Она даже не смотрела, как я раздеваюсь. Снимая трусы, я боялся, что она рассмеется, увидев мой съежившийся от страха пенис, но ее равнодушие ко мне было полнейшим. От неловкости во мне что-то скрипнуло, и я опустился рядом с ней на матрас. Она принялась вслепую нащупывать пальцами мой пенис, нашла и подергала. Потом вздохнула, приподнялась на локте, опустила голову и взяла в рот. Ничего не произошло. Я почти ничего не почувствовал.
— Всю ночь я здесь торчать не могу, — повторила она, вынимая изо рта застрявший между зубами волосок и подозрительно его разглядывая.
— Прости, — сказал я. До меня дошло, что ни один из нас не получает удовольствия и она не меньше моего хочет, чтобы все поскорее закончилось. — Кажется, я сегодня не в настроении. Давай просто минутку поболтаем и пойдем наверх. А если кто-нибудь из ребят спросит…
— Да, да, — сказала она, — я скажу, что был великолепен, жеребец, да и только. А на будущее, мужчина ты мой, пей джин. От джина стоит. Точно говорю. От джина у мужчины стоит.

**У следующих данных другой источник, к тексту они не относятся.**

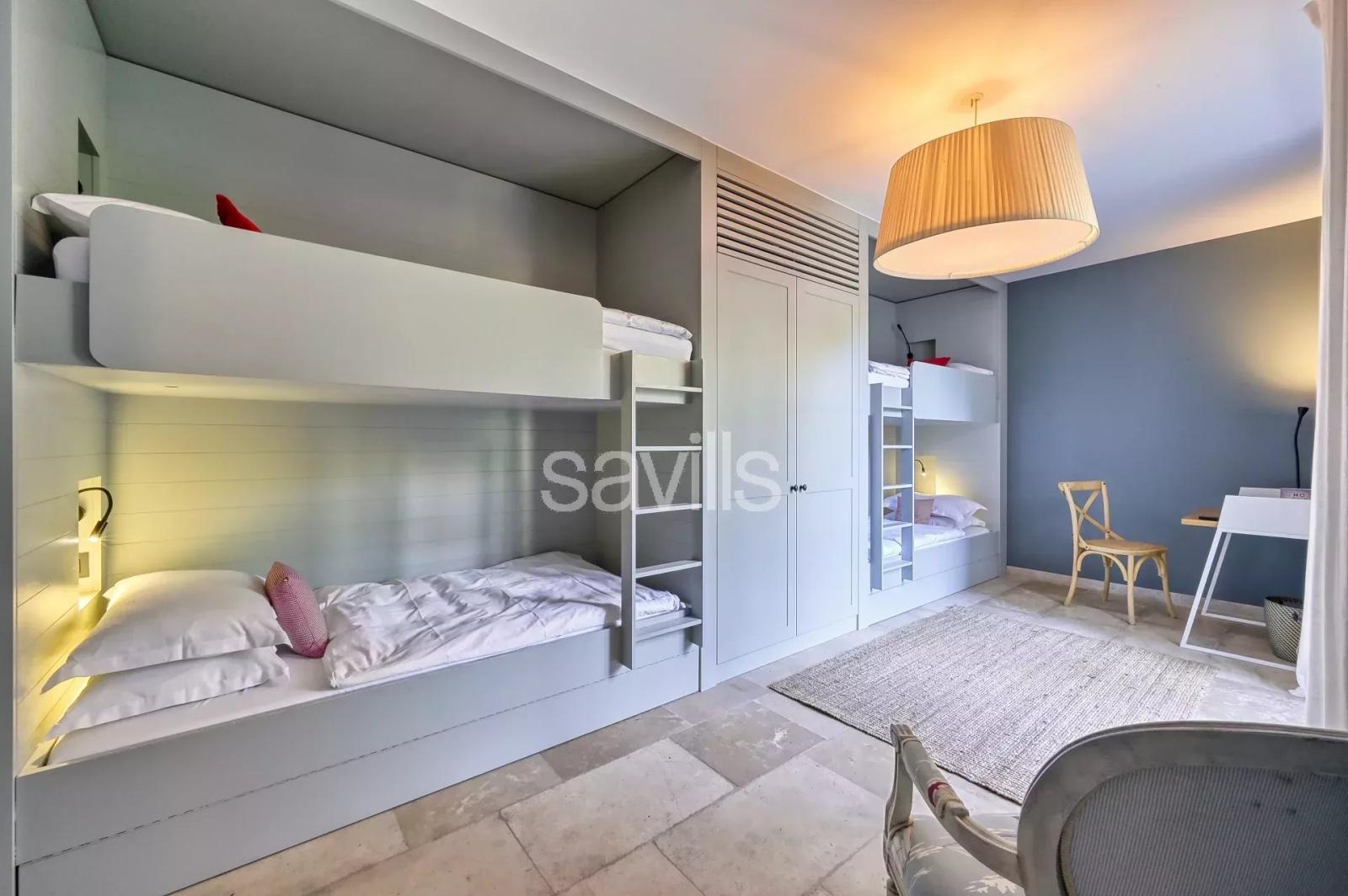 Le premier étage abrite une somptueuse chambre en suite avec salle de douches et WC, ainsi qu'un balcon et une terrasse tropézienne offrant une vue imprenable sur la mer.

Следующее лето я провел у отца, в коттедже — то было лето моей волнующей, обескураживающей идиллии с Кевином. В сентябре, когда я вернулся в школу, меня перевели в другое общежитие, в комнату, расположенную по соседству с квартирой старшего воспитателя. Мистер и миссис Скотт казались странной парой. Он — вечно улыбающийся, рассеянный, маленький, тощий учитель латыни в очках, мутных от отпечатков большого пальца, с полузастегнутой, а иногда и расстегнутой ширинкой не глаженных серых брюк от „Братьев Брукс“, редеющим ёжиком черных с проседью волос, поникшими плечами, быть может, ссутулившимися под вечным бременем греха и долга, а также покорности жене — тоже своего рода либо грехом, либо долгом. Он души не чаял в Тиме, своем четырехлетнем сыне, очаровательном плутишке, чьи приступы мальчишеского буйства сменялись почти ангельскими периодами внимательного слушания. Да, слушания взрослых разговоров, радио, приглушенных криков общежития во время перемены, фактически всего на свете, даже тишины, которая воспринималась им как некая наполненность, сверхзвуковое скрипение, подъем и стабилизация, звучание быстрокрылых реактивных самолетов небесных сфер.
Казалось, мистер Скотт по-настоящему бывал самим собою лишь тогда, когда Тим цеплялся за его штанину или сидел у него на коленях и задавал вопросы. Восхищение его красивым, умным, добродушным малышом ярко разжигало пламя, колыхавшееся в глазах мистера Скотта, и подслащивало его кислую улыбку, ибо обычно мистер Скотт улыбался как бы в деликатном ожидании того, что над ним сыграют злую шутку. И в самом деле, годом раньше, во время торжества по поводу окончания семестра, ученики пообещали подарить ему „новый велосипед“, но когда он с радостной улыбкой выбежал на сцену, ему преподнесли не сверкающую глянцем английскую гоночную машину взамен его старого разбитого „Швинна“, а спортивный суспензорий „Велосипед“ (мрачная ухмылка: „Очень смешно, ребята, вам удался отличный розыгрыш“).